Saturday, July 23, 2011

Hell, this is definitely Hell....

Now I knew it would be hot. I expected it, last year it was pretty miserably hot but dry and you know what, for all those annoying quips of "but its a dry heat" well it really does make a difference.
95-103 F heat is nothing without the humidity....So the ride along the Aegean and Mediterranean, although beautiful have been exhausting.

Just standing still in the shade I will be drenched in my own sweat in less than 10 minutes and forget sleeping. It's a sauna at night.

But in spite of all that, it's been heaven too. Left Kas for Mt Olympus and the famous treehouses.

View of rocky mountains all around from my hammock.



This is my treehouse, I was rather disappointed there really weren't in the trees but merely built with trees.


Meals included and this gorgeous shaded area.


Now the dinner here was the BEST! It was all homemade food, and one of my favorites; cabbage rolls.
It's rare to see them on a restaurant menu, it's a homemade thing and since this place hyped the 'homemade' food we chose it and were not disappointed. 

This plate is all vegetarian (GASP!) and so colorful, it was more dazzling than an impressionist painting.



The Treehouse place is run by 2 brothers and this one sister and she showed me how to make Menemen!



First, start with white onion and banana peppers or Anaheim chilies.


Then add diced tomatoes, a little tomato paste, pepper and chili flakes.


Last add a few eggs and voila, heaven in a plate. 


Manish and I wanted to go see the naturally occurring flames coming out of the top of Mt Olympus so we packed up on the bike and rode there (I just could not ride in a van packed full of French kids)

Of course, it was at night, in sweltering heat and within a couple minutes were completed drenched in our own sweat. I felt so stupid doing this hike at night before a 300+ KM ride the next day, I stopped partway there and Manish continued alone.



And it's a good thing too, the next day we woke, packed up and started along the coast. Now everyone we  told, insisted we not take the coastal road to Anamur Castle but instead motorway....I started to wonder, is there massive construction? An insurrection?
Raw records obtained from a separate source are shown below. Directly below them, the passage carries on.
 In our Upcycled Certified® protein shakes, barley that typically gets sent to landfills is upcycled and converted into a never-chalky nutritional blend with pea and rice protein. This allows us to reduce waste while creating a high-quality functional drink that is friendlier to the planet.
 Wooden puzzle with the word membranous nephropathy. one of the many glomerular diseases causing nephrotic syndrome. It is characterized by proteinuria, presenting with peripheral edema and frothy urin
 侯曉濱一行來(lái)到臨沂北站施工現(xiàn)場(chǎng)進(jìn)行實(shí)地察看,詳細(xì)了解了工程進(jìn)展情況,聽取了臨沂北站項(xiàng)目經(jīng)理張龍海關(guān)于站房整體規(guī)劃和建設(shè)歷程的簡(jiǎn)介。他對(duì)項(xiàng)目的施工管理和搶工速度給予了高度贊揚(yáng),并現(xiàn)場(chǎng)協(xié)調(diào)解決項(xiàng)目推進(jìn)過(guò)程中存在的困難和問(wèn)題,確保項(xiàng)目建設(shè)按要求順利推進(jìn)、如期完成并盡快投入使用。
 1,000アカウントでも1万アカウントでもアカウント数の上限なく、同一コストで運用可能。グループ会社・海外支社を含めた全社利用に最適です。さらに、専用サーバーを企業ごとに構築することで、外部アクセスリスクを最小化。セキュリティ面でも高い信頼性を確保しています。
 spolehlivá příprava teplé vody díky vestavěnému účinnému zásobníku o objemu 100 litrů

Or a conspiracy to keep us from one of the most beautiful spots in all of Turkey?

It's reason #3.
Check out this roadside secluded inlet with SAND...that's right, real sand, not a lot of it mind you but enough to skwish through your toes and feel like you are on a real beach (it's usually rocks)


Had a great lunch then swam in the water and napped for a couple of hours then back on the road to Anamur, the road everyone said not to take.
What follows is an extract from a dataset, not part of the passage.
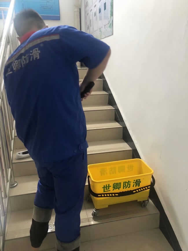 世卿防滑免費為上海青浦區東盛居委會樓梯臺階進行地面防滑處理。

Nothing but Amazing twisties and valley's with villages and a little construction. The equivalent of Hwy 1 in California but with Turkish flags flying everywhere. (Thanks Mert for suggesting it)
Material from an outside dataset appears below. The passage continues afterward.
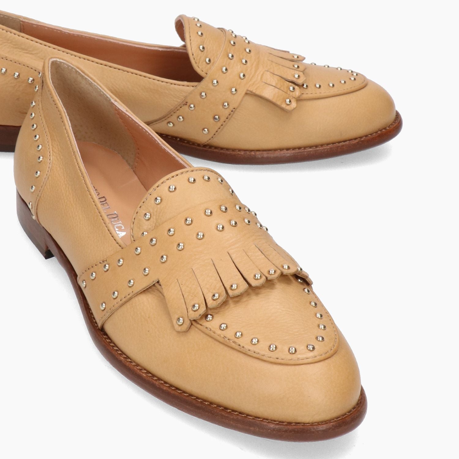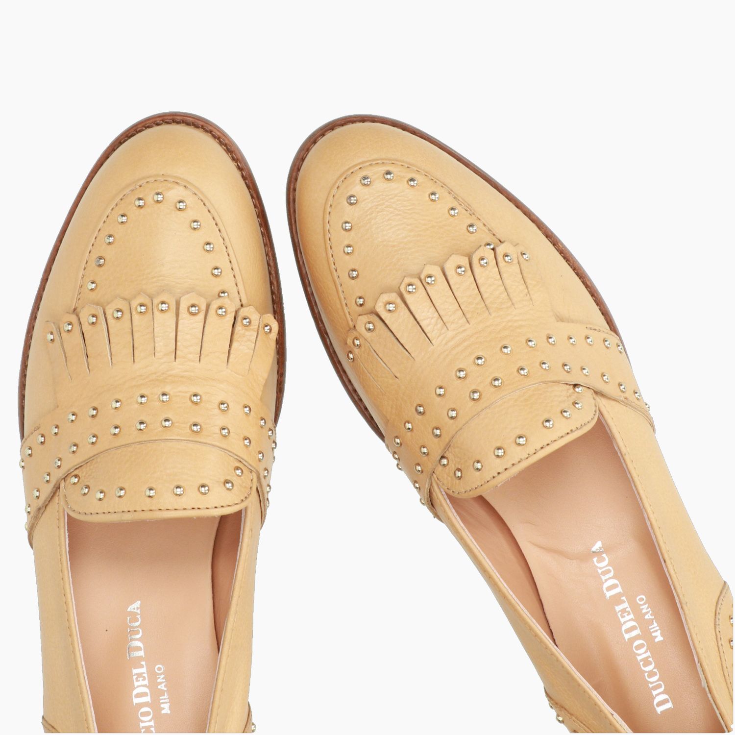 Camel leather loafer with gold studs. Fringe strap. Leather lining. Leather sole with 2 cm heel. Duccio Del Duca Milano collection.

Arrived in Anamur as the sun was setting and stopped at Camp Pullu, where hoards of yellow shirted staff stand around and try to look busy. Even Manish was disgusted with their indifference and slow service. Checking in and finding a campsite was like going through security at the airport.


It was a miserable night. We got scammed with a 100TL dinner (about 75 US) at a roadside restaurant that should have cost around $40 US....and it gets better!

I dropped my keys in the Turkish toilet. I'll leave it at that.

But got up early and visited Anamur Castle for free, got there before the ticket seller opened the kiosk.







Next stop Konya where I hope to hear from Bontoa on ADV Rider in time for some Turkish Hospitality.